___ Source material

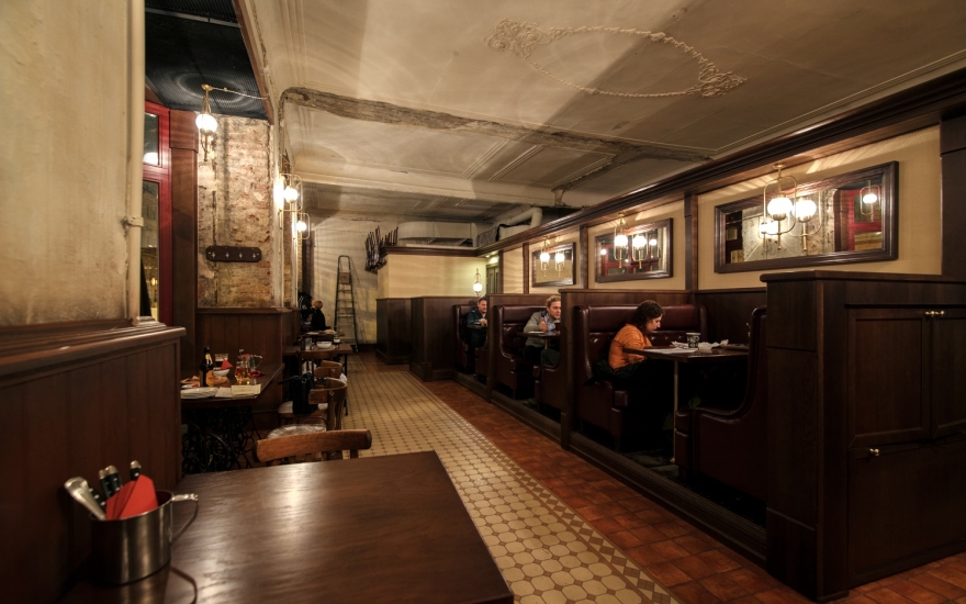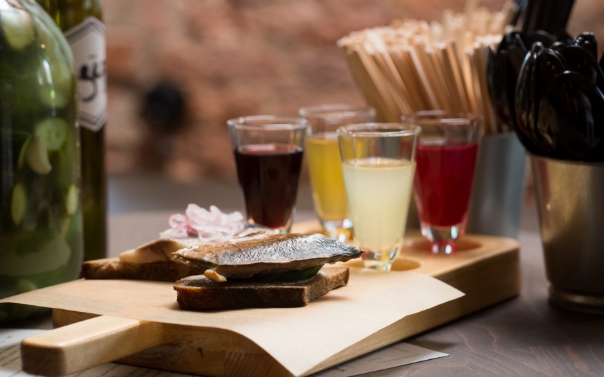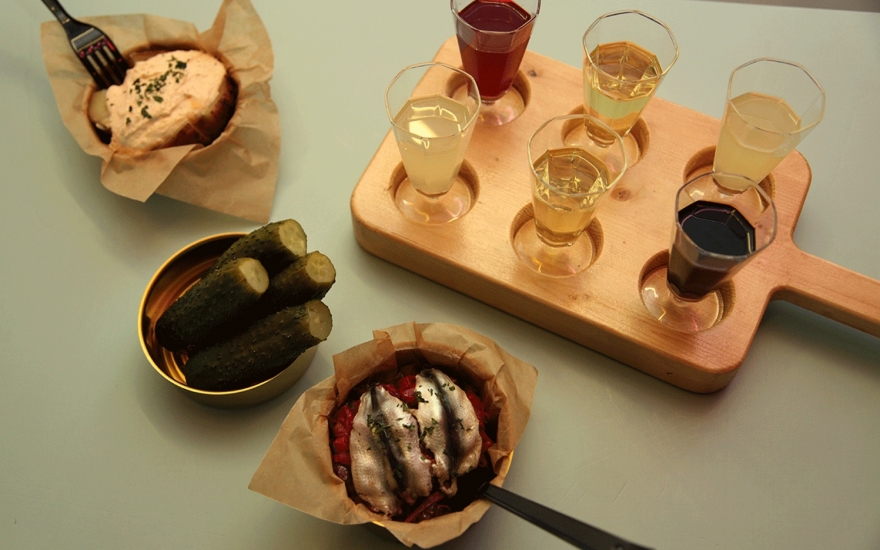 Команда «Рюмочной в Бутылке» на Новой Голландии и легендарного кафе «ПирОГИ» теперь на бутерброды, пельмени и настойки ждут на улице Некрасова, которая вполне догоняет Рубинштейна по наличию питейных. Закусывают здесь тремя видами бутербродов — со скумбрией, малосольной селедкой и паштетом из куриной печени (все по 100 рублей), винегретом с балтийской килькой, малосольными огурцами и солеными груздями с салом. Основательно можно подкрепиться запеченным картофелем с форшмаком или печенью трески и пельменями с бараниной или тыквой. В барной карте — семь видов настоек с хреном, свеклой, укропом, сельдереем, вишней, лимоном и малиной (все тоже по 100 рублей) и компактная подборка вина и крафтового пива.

______
___ Source material

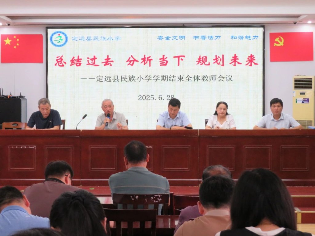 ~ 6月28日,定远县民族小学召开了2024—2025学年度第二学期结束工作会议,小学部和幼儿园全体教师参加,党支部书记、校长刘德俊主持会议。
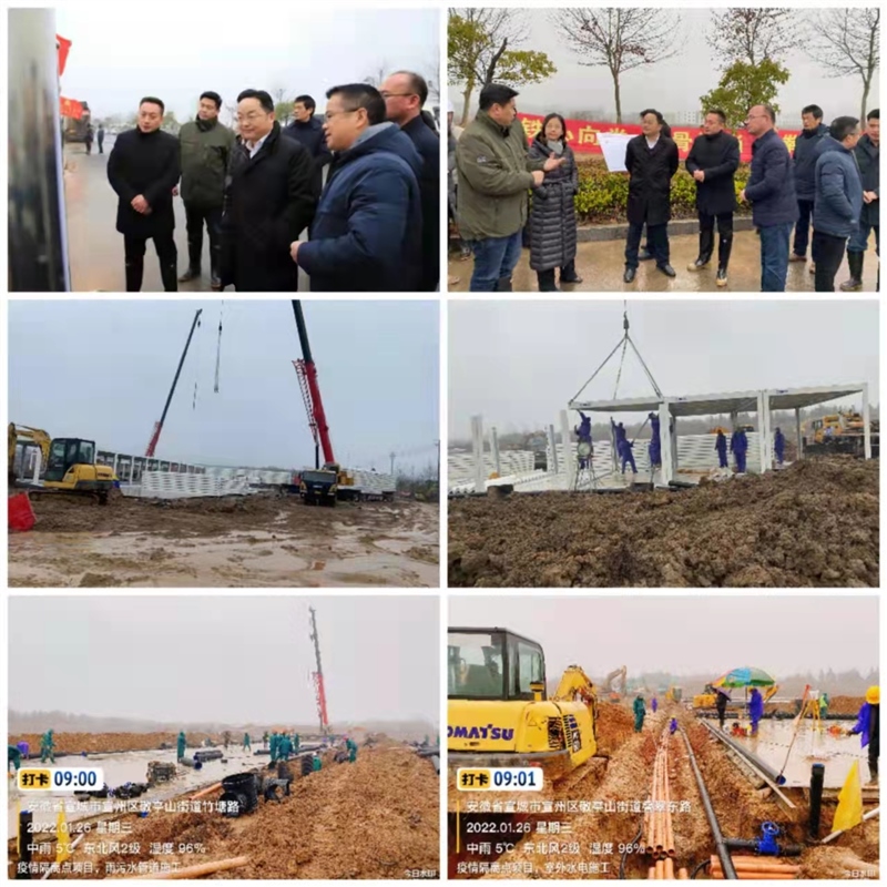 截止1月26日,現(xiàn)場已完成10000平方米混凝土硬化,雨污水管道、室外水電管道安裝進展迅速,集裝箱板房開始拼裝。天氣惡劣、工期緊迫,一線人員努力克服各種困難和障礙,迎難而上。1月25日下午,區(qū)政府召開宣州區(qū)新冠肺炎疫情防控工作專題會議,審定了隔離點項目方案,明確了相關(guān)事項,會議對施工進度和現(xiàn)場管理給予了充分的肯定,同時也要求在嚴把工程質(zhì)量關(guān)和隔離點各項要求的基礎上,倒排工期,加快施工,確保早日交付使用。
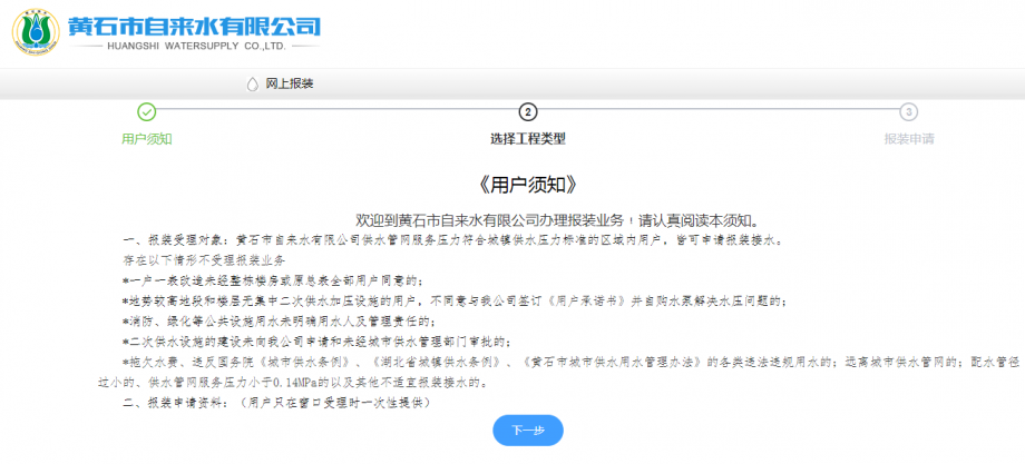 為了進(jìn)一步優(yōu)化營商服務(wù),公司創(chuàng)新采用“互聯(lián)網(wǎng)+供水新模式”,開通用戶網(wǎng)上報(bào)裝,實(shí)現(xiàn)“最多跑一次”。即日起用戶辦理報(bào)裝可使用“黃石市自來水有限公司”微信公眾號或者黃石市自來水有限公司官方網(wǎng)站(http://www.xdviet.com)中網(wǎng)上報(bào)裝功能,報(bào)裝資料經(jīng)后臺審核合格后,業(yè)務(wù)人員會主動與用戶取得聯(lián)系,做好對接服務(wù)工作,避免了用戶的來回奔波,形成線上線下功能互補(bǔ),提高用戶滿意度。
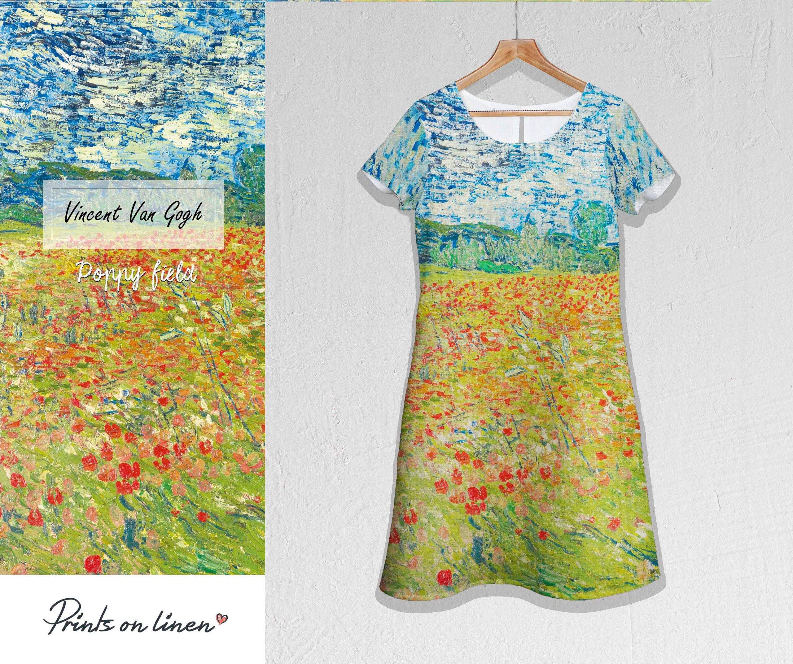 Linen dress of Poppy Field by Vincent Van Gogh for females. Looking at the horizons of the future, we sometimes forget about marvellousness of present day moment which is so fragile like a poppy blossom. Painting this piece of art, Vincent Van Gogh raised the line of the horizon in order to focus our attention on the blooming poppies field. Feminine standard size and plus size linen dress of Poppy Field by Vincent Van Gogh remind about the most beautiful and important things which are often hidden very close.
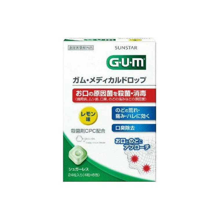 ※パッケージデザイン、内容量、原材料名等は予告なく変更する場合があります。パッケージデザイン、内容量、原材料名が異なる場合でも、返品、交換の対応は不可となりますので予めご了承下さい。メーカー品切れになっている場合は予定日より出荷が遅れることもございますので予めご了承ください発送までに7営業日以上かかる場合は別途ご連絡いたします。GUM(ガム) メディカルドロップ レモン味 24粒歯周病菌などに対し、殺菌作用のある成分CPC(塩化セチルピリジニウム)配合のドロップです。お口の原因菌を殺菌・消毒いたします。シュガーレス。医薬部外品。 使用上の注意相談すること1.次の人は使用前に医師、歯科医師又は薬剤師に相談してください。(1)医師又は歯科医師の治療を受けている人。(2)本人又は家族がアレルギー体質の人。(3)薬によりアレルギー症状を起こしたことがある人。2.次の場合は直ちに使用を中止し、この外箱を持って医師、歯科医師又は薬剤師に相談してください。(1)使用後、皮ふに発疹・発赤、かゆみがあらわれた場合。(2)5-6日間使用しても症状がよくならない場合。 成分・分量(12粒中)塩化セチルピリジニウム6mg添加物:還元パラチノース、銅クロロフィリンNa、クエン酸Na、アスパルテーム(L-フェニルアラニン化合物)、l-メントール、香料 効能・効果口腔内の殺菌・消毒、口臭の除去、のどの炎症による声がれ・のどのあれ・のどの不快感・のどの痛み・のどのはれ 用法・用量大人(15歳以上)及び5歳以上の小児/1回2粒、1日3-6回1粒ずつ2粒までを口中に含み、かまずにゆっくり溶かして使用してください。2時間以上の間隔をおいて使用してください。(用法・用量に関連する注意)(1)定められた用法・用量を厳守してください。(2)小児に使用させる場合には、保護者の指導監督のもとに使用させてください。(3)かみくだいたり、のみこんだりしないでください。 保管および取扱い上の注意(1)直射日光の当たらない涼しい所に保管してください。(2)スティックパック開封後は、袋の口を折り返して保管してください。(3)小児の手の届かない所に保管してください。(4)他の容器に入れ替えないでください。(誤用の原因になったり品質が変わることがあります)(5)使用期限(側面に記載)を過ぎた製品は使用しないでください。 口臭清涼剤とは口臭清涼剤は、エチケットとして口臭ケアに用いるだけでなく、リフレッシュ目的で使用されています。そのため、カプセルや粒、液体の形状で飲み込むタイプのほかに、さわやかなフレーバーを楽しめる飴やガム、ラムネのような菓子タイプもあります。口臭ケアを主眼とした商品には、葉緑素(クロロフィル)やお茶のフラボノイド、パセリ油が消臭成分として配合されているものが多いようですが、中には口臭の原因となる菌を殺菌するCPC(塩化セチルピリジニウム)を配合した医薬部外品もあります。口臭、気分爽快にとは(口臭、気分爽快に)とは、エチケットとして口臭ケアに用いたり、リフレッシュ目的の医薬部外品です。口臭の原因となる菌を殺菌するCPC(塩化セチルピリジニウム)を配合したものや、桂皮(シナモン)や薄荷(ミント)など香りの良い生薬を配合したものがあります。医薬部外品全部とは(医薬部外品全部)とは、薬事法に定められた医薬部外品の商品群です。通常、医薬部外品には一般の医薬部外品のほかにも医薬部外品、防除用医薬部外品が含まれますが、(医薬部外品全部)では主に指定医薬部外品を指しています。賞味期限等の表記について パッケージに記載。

______

### Assignment
In the entries above, find the line containing "截止1月26日,現(xiàn" and the line containing "Linen dress of Poppy Field by Vincent Van Gogh for"; give again exactly those two lines and every line between them, minus the pictures.

### Answer below
 截止1月26日,現(xiàn)場已完成10000平方米混凝土硬化,雨污水管道、室外水電管道安裝進展迅速,集裝箱板房開始拼裝。天氣惡劣、工期緊迫,一線人員努力克服各種困難和障礙,迎難而上。1月25日下午,區(qū)政府召開宣州區(qū)新冠肺炎疫情防控工作專題會議,審定了隔離點項目方案,明確了相關(guān)事項,會議對施工進度和現(xiàn)場管理給予了充分的肯定,同時也要求在嚴把工程質(zhì)量關(guān)和隔離點各項要求的基礎上,倒排工期,加快施工,確保早日交付使用。
 為了進(jìn)一步優(yōu)化營商服務(wù),公司創(chuàng)新采用“互聯(lián)網(wǎng)+供水新模式”,開通用戶網(wǎng)上報(bào)裝,實(shí)現(xiàn)“最多跑一次”。即日起用戶辦理報(bào)裝可使用“黃石市自來水有限公司”微信公眾號或者黃石市自來水有限公司官方網(wǎng)站(http://www.xdviet.com)中網(wǎng)上報(bào)裝功能,報(bào)裝資料經(jīng)后臺審核合格后,業(yè)務(wù)人員會主動與用戶取得聯(lián)系,做好對接服務(wù)工作,避免了用戶的來回奔波,形成線上線下功能互補(bǔ),提高用戶滿意度。
 Linen dress of Poppy Field by Vincent Van Gogh for females. Looking at the horizons of the future, we sometimes forget about marvellousness of present day moment which is so fragile like a poppy blossom. Painting this piece of art, Vincent Van Gogh raised the line of the horizon in order to focus our attention on the blooming poppies field. Feminine standard size and plus size linen dress of Poppy Field by Vincent Van Gogh remind about the most beautiful and important things which are often hidden very close.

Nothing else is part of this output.